Le daltonisme : un particularisme lié à la perception des couleurs

Si vous pensez votre chemise rouge alors qu’elle est verte, ou que votre foulard rose vous semble d’une couleur différente, peut-être êtes-vous atteint de daltonisme.

Le daltonisme est une particularité génétique qui modifie la perception des couleurs.
Sans traitement ni amélioration envisageable, les personnes atteintes par cette pathologie devront vivre avec toute leur vie durant, cependant sans crainte d’aggravation.

Alors qu’environ 8% d’entre eux en sont atteints, les hommes sont davantage touchés par ce particularisme visuel que la population féminine dont seulement 0,5% est impacté.

Comprendre le daltonisme

Souvent réduit à une incapacité à voir certaines couleurs, notamment le vert et le rouge, ou le bleu et le jaune, le daltonisme revêt en réalité différentes formes impliquant des variations dans la perception des couleurs.

Rappelons tout d’abord que le fonctionnement de la vision en couleur repose sur la perception de trois teintes de base : le rouge, le vert et le bleu d’où l’abréviation RVB que l’on retrouve dans les profils des photos numériques, les réglages de nos téléviseurs…
Le mélange de ces trois couleurs basiques va permettre l’élaboration et la perception par notre cerveau d’une infinie variété de nuances colorées.

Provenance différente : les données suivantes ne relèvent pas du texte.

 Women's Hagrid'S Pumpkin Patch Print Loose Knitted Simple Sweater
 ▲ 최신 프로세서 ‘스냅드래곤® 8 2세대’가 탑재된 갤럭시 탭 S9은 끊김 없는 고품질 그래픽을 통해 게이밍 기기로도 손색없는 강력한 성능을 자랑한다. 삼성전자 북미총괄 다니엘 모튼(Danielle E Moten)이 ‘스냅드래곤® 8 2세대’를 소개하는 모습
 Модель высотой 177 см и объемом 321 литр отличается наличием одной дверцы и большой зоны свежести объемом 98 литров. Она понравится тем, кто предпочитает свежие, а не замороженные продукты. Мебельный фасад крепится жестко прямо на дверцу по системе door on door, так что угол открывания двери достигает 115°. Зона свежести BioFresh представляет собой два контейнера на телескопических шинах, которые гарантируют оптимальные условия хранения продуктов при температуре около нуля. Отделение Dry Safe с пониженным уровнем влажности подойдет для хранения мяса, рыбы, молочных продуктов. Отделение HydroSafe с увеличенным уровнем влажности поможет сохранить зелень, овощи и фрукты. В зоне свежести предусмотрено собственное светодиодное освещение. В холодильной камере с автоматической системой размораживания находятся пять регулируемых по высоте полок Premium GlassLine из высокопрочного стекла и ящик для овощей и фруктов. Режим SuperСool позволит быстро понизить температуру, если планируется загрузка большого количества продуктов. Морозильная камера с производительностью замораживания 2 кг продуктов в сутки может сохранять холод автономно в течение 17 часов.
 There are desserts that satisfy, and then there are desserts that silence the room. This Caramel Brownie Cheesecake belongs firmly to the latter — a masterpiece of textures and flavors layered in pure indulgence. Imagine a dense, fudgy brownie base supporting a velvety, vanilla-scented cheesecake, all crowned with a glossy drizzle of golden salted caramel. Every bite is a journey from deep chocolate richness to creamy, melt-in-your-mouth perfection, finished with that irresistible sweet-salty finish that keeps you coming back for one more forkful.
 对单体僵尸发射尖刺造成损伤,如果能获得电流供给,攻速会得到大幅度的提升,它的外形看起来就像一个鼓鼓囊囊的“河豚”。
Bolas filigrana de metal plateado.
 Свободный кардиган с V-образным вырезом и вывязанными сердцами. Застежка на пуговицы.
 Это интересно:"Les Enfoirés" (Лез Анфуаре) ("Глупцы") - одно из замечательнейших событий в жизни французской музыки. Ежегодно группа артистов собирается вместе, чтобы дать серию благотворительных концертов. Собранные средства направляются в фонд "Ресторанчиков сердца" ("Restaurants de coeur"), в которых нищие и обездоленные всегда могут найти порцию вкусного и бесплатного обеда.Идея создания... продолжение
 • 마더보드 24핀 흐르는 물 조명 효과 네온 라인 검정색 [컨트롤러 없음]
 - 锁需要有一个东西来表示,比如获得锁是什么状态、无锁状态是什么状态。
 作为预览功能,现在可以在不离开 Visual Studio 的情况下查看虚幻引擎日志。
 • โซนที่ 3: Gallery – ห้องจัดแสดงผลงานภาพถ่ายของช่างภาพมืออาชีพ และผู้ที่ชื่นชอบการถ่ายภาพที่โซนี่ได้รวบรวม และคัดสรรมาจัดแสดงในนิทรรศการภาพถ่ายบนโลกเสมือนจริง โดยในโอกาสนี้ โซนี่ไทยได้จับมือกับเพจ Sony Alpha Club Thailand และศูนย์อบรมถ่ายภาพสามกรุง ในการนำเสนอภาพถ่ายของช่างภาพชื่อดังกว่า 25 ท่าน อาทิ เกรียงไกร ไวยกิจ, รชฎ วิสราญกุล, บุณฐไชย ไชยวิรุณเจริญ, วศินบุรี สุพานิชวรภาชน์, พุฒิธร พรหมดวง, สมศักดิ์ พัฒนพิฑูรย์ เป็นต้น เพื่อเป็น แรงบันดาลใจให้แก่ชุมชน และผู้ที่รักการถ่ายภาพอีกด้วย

Les couleurs que nous percevons sont donc élaborées par notre cerveau à partir de trois types de cellules rétiniennes appelées « cônes ».
Les personnes atteintes de daltonisme souffrent le plus fréquemment de l’absence de l’un de ces cônes, voir d’une absence totale de ceux-ci.

Les différents types de daltonisme

Les personnes ayant une vision dont les couleurs ne sont pas altérées et ne souffrant donc pas de daltonisme, sont dites trichromates normales, une dénomination technique pour désigner le fait qu’elles sont bien pourvues des trois types de cônes et qu’elles peuvent donc percevoir l’intégralité de la palette des couleurs.

  1. Le trichromatisme anormal
    Il s’agit d’une altération de l’intensité des couleurs due à l’incapacité d’un cône à transmettre une information correcte au cerveau.
    Ce dysfonctionnement peut varier en fonction du cône affecté et se subdivise en trois sous-catégories :
  • La deutéranomalie : cette pathologie affecte la vision des couleurs due à l’affaiblissement de la couleur verte. C’est la forme la plus courante du daltonisme puisqu’elle touche un homme sur vingt et une femme sur trois cent.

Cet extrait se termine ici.